Step 6 — Export the persona for reuse

hlm:hlm3-large-ffn> export-concept formal_technical ./personas/formal_technical.qcon
  Exported: 1 basin, 3.2 KB, SHA-256: a1b2c3...

hlm:hlm3-large-ffn> exit

# In a different HLM3 checkpoint:
$ qriton-hlm -c hlm3-other-checkpoint.pt

hlm:hlm3-other> import-concept 5 ./personas/formal_technical.qcon
  Imported formal_technical (3 basins) into L5.
  Compatibility check: ✓ same architecture, ✓ compatible dim

hlm:hlm3-other> inject-concept 5 formal_technical 0.2
hlm:hlm3-other> apply 5
hlm:hlm3-other> generate Explain recursion
  [generates formal_technical-toned response on a different model]

Concepts are portable across HLM3 checkpoints. Train your brand voice once, deploy it across production + staging + per-customer variants.

Step 7 — Revert if needed

hlm:hlm3-other> undo
  Reverted 1 operation: inject-concept 5 formal_technical 0.2

hlm:hlm3-other> undo
  Reverted 1 operation: import-concept 5 formal_technical

Surgery is reversible per-operation. A bad edit never has to stick.

Step 8 — Integrate with your application

python
from qriton_hlm import BasinSurgeon
from fastapi import FastAPI

app = FastAPI()

surgeon = BasinSurgeon.from_checkpoint('hlm3-large-ffn.pt')
# Apply the production persona once at startup
surgeon.import_concept(5, './personas/formal_technical.qcon')
surgeon.inject_concept(5, 'formal_technical', strength=0.2)
surgeon.apply(5)

@app.post('/chat')
async def chat(req: ChatRequest):
    return {'reply': surgeon.generate(req.prompt)}

The persona is now baked into the loaded model for the lifetime of the process. Swap personas at runtime with surgeon.revert() + import_concept(other_persona).

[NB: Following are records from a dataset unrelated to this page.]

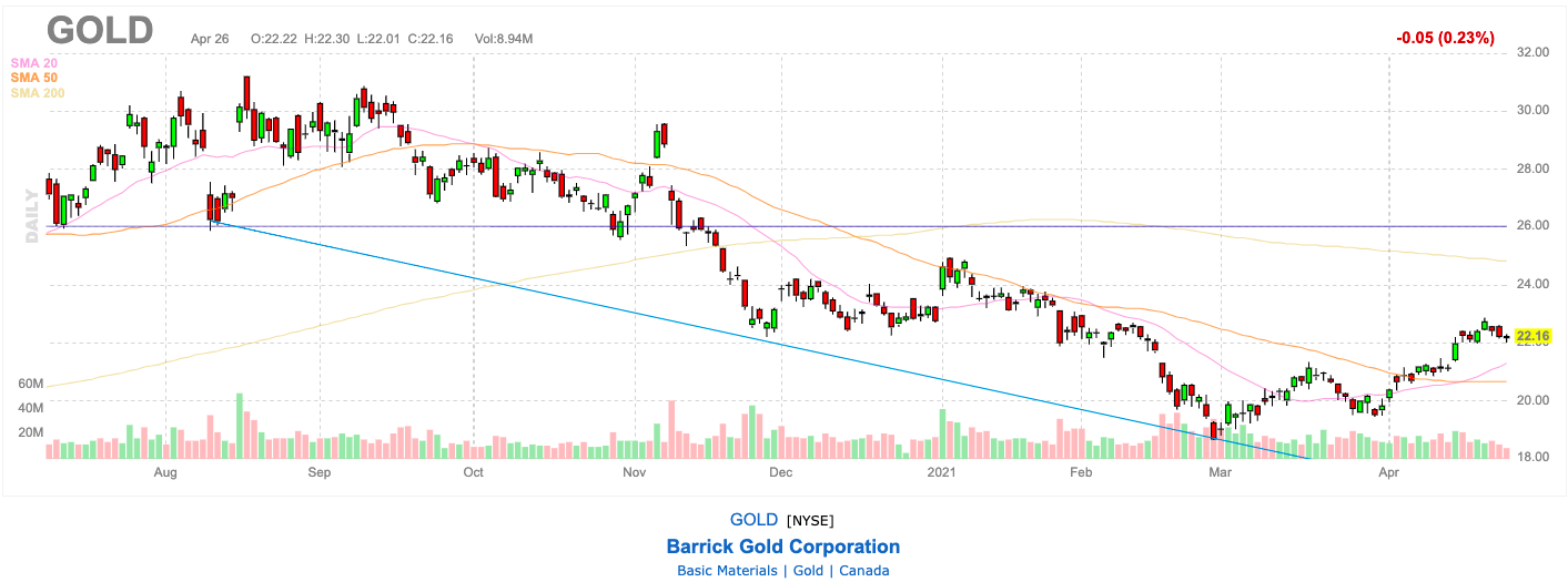1973 년과 1974 년에 금은 60 % 상승한 반면 S & P 500 지수는 20 % 하락했습니다. 2020 년에는 24 % 의 수익률을 기록했으며 2010 년 이후 최고치를 기록했으며 8 월에는 온스당 2,075 달러를 기록했습니다. 그 이후로 $ 1,800와 $ 2,000 범위에서 통합 및 거래되었으며 17 % 손실되었습니다. JPMorgan의 Natasha Kaneva는 가격이 올해 말까지 온스당 $ 1,650까지 떨어질 것으로 예상하고 있습니다. 주목할만한 금 회사는 순금 결과를 게시하고 있습니다. 예를 들어, Barrick Gold (NYSE : GOLD)는 최근 전체 2021 년 지침을 충족할 수 있도록 진행 중이라고 말했습니다. Carlin과 Cortez의 광산 시퀀싱과 Pueblo Viejo의 낮은 등급으로 인해 1 분기 생산량이 예상보다 적다고 말했지만, Barrick Gold (NYSE : GOLD)는 가격 강세 덕분에 2021 년 하반기에 긍정적 결과를 기대하고 있습니다.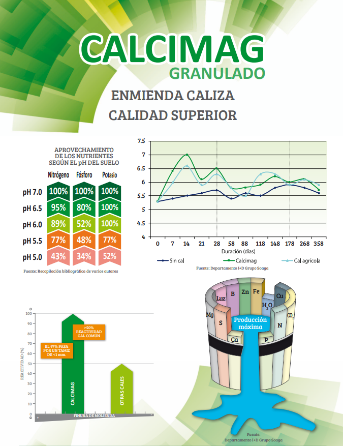Calcimag es un mejorante de suelos procedente de depósitos fósiles de algas marinas, 100% ecológico y sin aditivos. Se presenta en granulometría fina para facilitar su mezcla y reacción en el suelo; el 97% pasa por un tamiz de <1 mm. Además del calcio aporta magnesio y oligoelementos que favorecen la disponibilidad de nutrientes y el crecimiento vegetal. Su uso regular corrige la acidez, mejora la estructura del suelo y optimiza el rendimiento de los cultivos. Aplícalo en labores de reavivado o junto a la fertilizacion para mantener un pH más estable.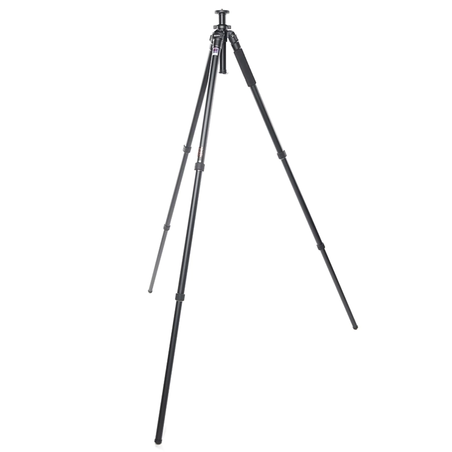 Esse tripé também tem um nível de bolha e uma bússola para orientação.

  • Basin surgery at strength > 0.3 can degrade other capabilities. Use verify after every injection to check perplexity drift.
  • Concept capture quality depends on examples. 3-5 diverse examples is usually enough; 1 example captures the specific sample, not the concept.
  • Portability requires matching architecture. A concept exported from hlm3-large-ffn does NOT import cleanly into hlm3-medium (different hidden dims). v1 cross-architecture import is on the roadmap.
  • This is not RLHF. RLHF shifts the entire model's preference distribution via training. Basin surgery edits specific concepts addressably. Use the right tool for the right job.